4.10. Fluorescent Tracking of Lactobacillus in Direct Contact with Macrophages
Briefly, the recombinant lactobacilli were grown in liquid MRS at 37 °C and washed three times with phosphate-buffered saline (PBS). The L. casei and L. casei ΔPyrR strains were stained with carboxyfluorescein diacetate and succinimidyl ester (CFDA-SE) for 30 min in 1 mL of CFDA buffer at 37 °C on a vertical rotator in a dark environment. To stain all of the cells, the lactobacilli were washed twice with 5 mL of PBS in order to remove excess CFDA-SE. The stained L. casei and L. casei ΔPyrR strains were resuspended into a single-cell suspension with 1 mL of a 1640-cell culture media. The peritoneal macrophages were collected as previously described [35]. The mice were injected into the peritoneum with 5 mL of the 1640-cell culture media for peritoneal macrophage collection. The mice’s abdomens were gently rubbed for 2 min to enable the release of the peritoneal macrophages into the culture media from the abdominal cavity. The peritoneal fluid was sucked out and transferred into a tube, which was subsequently centrifuged for 5 min at 1000 r/min. Then, the macrophages were resuspended with the 1640-cell culture media, which contained 10% fetal calf serum, penicillin, and streptomycin, at 37 °C under a 5% CO2 air atmosphere overnight.

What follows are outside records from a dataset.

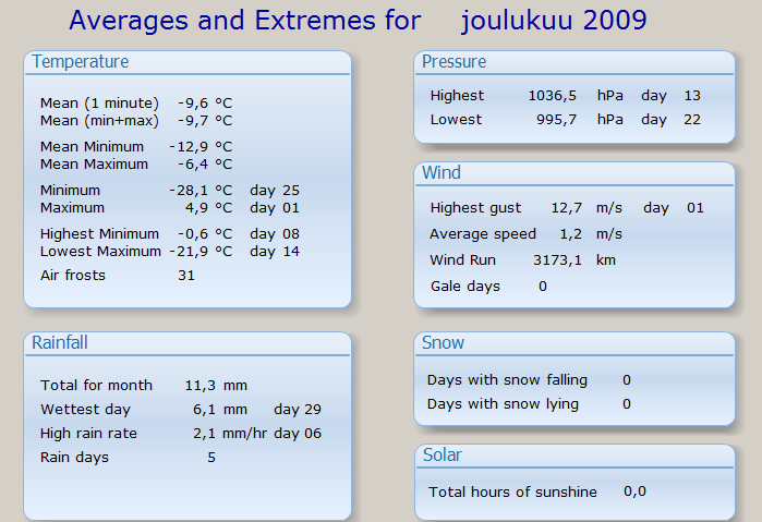 2009: Ylin: + 5,6°C, Alin: -20,2°C, Keskilämpötila: - 5,5°C, Sademäärä: 25,1mm
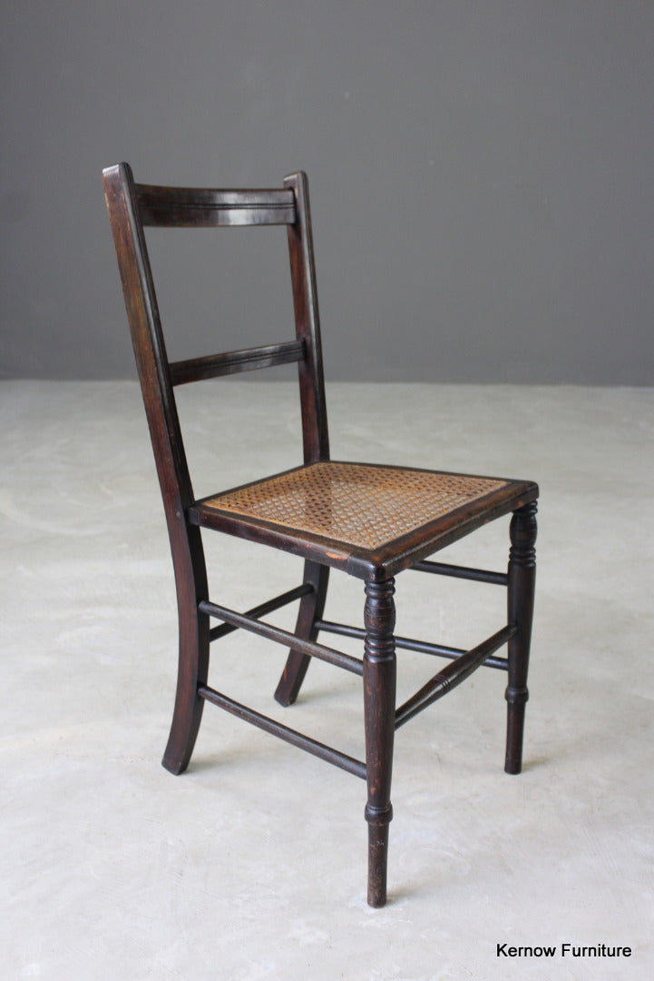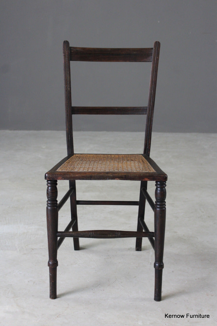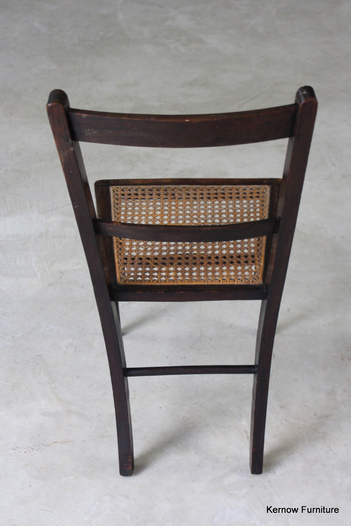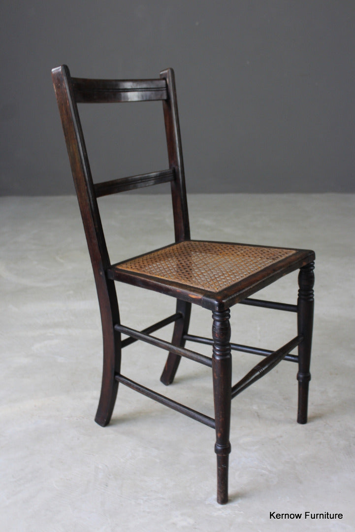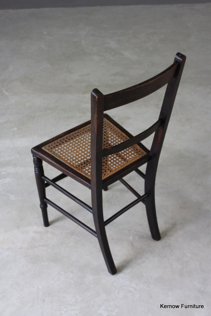 Single cane occasional chair. Early 20th Century small stained beech side chair with canned seat on slender turned legs.
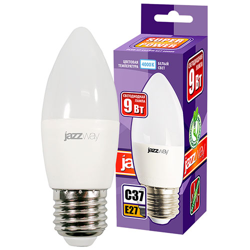 Лампа светодиодная Jazzway PLED-SP С37 9w E27 4000K (свеча, 820 лм)
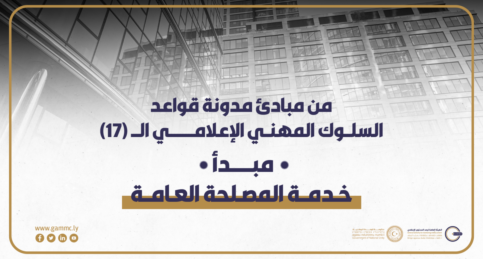 من مبادئ مدونة قواعد السلوك المهني الإعلامي الـــ (17) مبدأ: خـدمــة المصـلحة العـامــة،وهي ما يهم كل فرد في المجتمع؛ فهي تتعلق بالصالح الع…
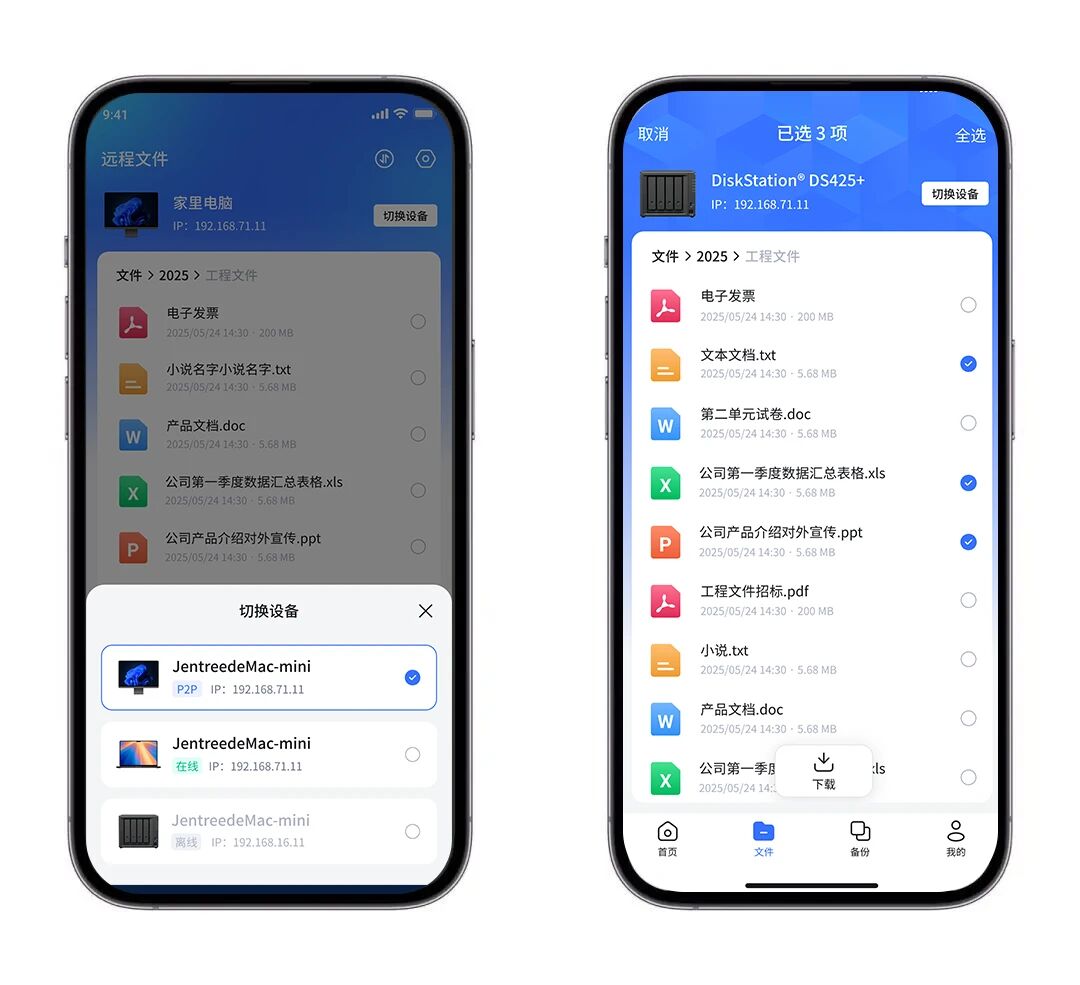只需扫码或手机号登录,客户端就会自动扫描局域网,通过设备指纹库(如群晖DSM、威联通QTS的默认端口)精准识别设备类型,并自动生成服务卡片。
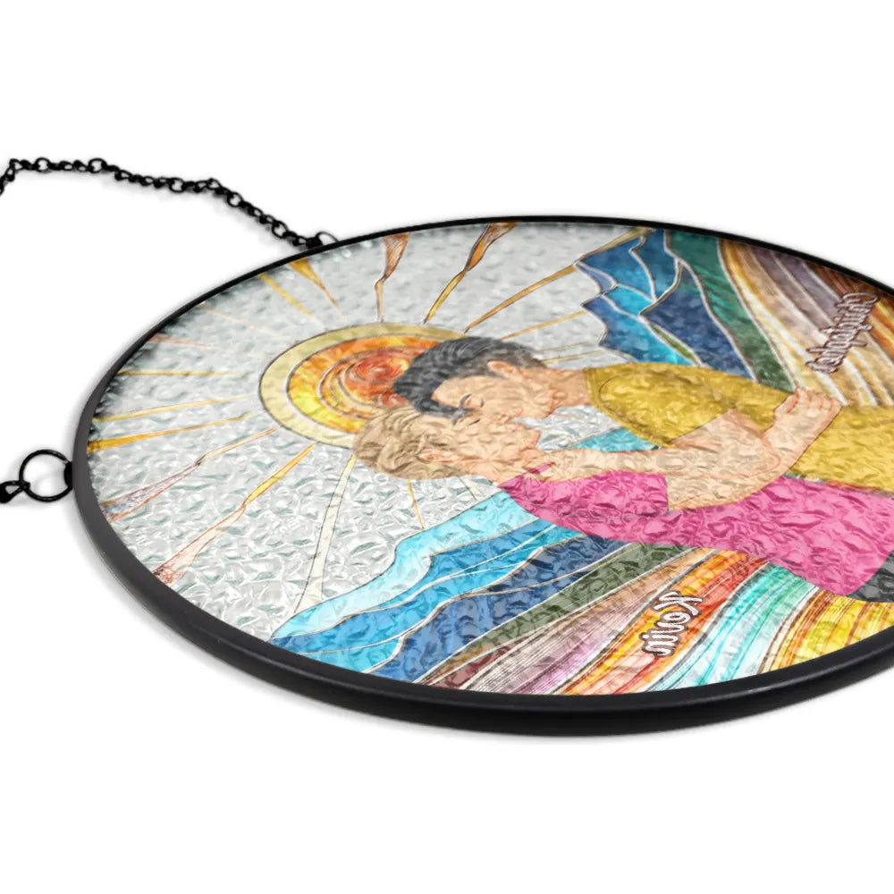 Imagine this stunning personalized stained glass suncatcher gracing your home—featuring a soft, colorful background that adds a cozy, heartfelt feel, with the couple embracing, setting the tone for a celebration of family and togetherness. The names “William” and “Jennifer” in a mix of elegant and heartfelt fonts add a powerful touch, emphasizing the strength of your family bond. The ability to customize the couple’s names allows for deep personalization, reflecting your unique story.
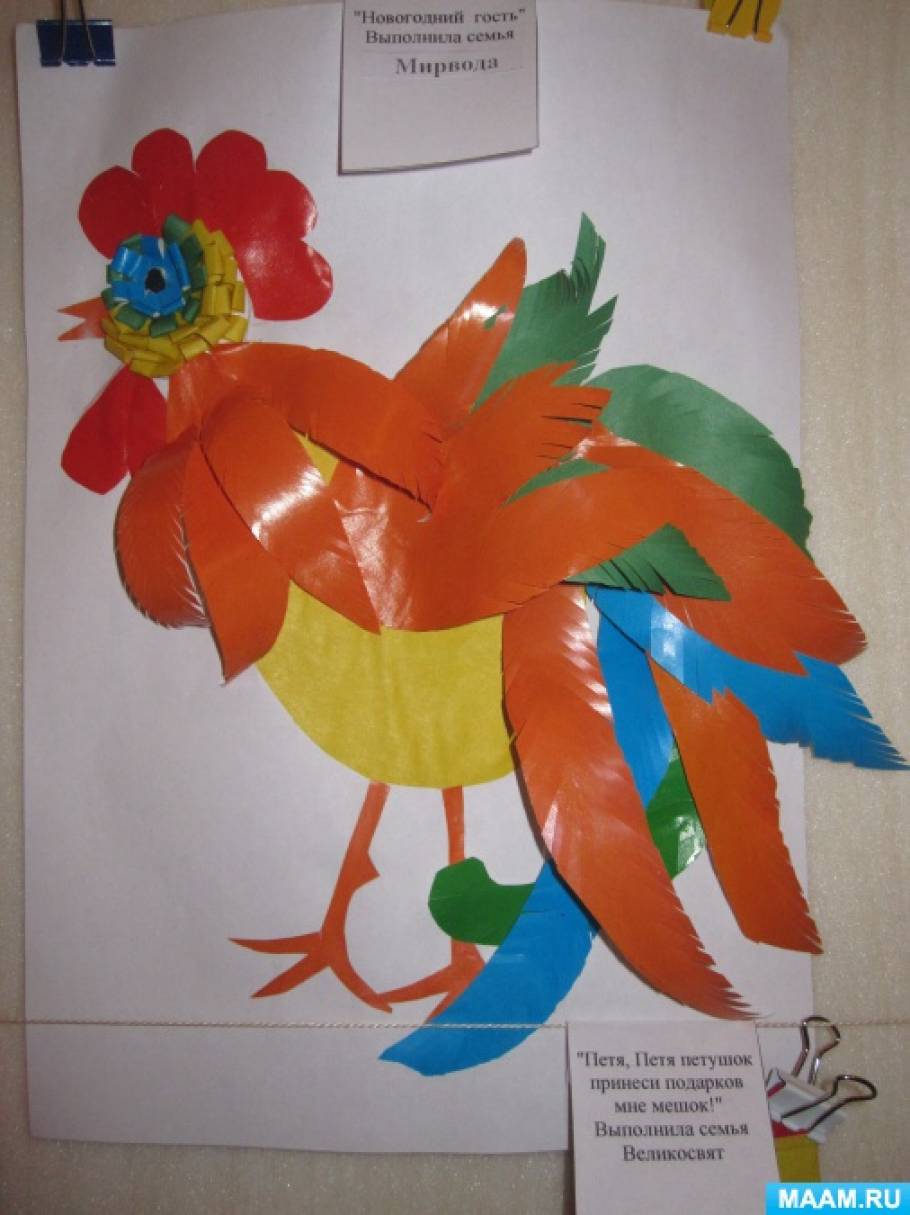 «Новогодний Петя». Фотоотчёт творческой работы детей Петух из бросового материала. Цель:Закрепить умение детей создавать поделки на основе цилиндра; -Развивать воображение, творчество; -Закрепить.

To explore whether L. casei may promote the polarization of peritoneal macrophages via the pyrimidine production of the PyrR gene, we established the L. casei and L. casei ΔPyrR strains, as well as a peritoneal macrophage co-culture system, which was separately extracted from the mice. The CFDA-SE-labeled L. casei and L. casei ΔPyrR strains were contained inside the collected macrophages and cultured overnight in 12-well plates. After incubation at 37 °C under a 5% CO2 air atmosphere for 7 h, the plates were washed two times with pro-cold PBS and fixed with 4% paraformaldehyde for 30 min at RT. The wells were washed with pro-cold PBS and blocked with 1% BSA for 2 h at RT. F4/80+ served as a macrophage marker, which was used to measure the activity of the peritoneal macrophages with respect to the stimulation of pyrimidine production from the L. casei PyrR gene. The peritoneal macrophages were blocked via incubation with anti-F4/80 antibody binding for 30 min at RT in a dark environment. Then, the peritoneal macrophages were washed and stained with DAPI for 10 min, and images of them were captured via fluorescent microscopy (Leica Microsystems, Madrid, Spain).
4.11. Data Analysis
The metabolomics data were analyzed using different modules of the web-based platform MetaboAnalyst (https://www.metaboanalyst.ca, accessed on 24 October 2022). The data were normalized using logarithmic transformation and auto-scaling. Fold change analysis and t-tests were conducted to determine the fold change and significance of each identified metabolite. This process was performed in triplicate, and all of the groups were examined according to their independent measurements to adequately support the statistics and results derived from our experiments. The average recovery and colonization times over time were compared between groups using the repeated-measures analysis of variance model with Bonferroni’s correction using SPSS 26 software (IBM). Statistically significant effects (p < 0.05) were further analyzed, and mean values were compared using Tukey’s significant difference test.
5. Conclusions
Taken together, our findings illustrate that we successfully constructed an auxotroph for PyrR-deficient L. casei. The evidence presented in this study shows that the PyrR gene is an active and key component in the regulation of pyrimidine biosynthesis within the metabolic profiles of a L. casei supernatant. Furthermore, this supernatant inhibited the growth of a wide range of pathogens in vitro. The complementary regulation of PyrR-deficient L. casei could not inhibit the growth of pathogens nor enable immune regulation in macrophages collected from mice. Thus, the deletion of PyrR in L. casei resulted in the loss of the probiotic characteristics of antimicrobial antagonism and immunoregulation.
Author Contributions
Data curation, Z.Q., Z.N. and Y.T.; Formal analysis, G.L.; Funding acquisition, X.J.; Investigation, X.H. and W.W.; Methodology, D.L. and X.J.; Writing—original draft, S.C. All authors have read and agreed to the published version of the manuscript.
Funding
This work was supported by the National Natural Science Foundation of China (Grant number: 31902169), the Heilongjiang Province Science Fund for Excellent Young Scholars (Grant number: YQ2020C008), and the "Young Talents" Project of Northeast Agricultural University (Grant number: 18QC39).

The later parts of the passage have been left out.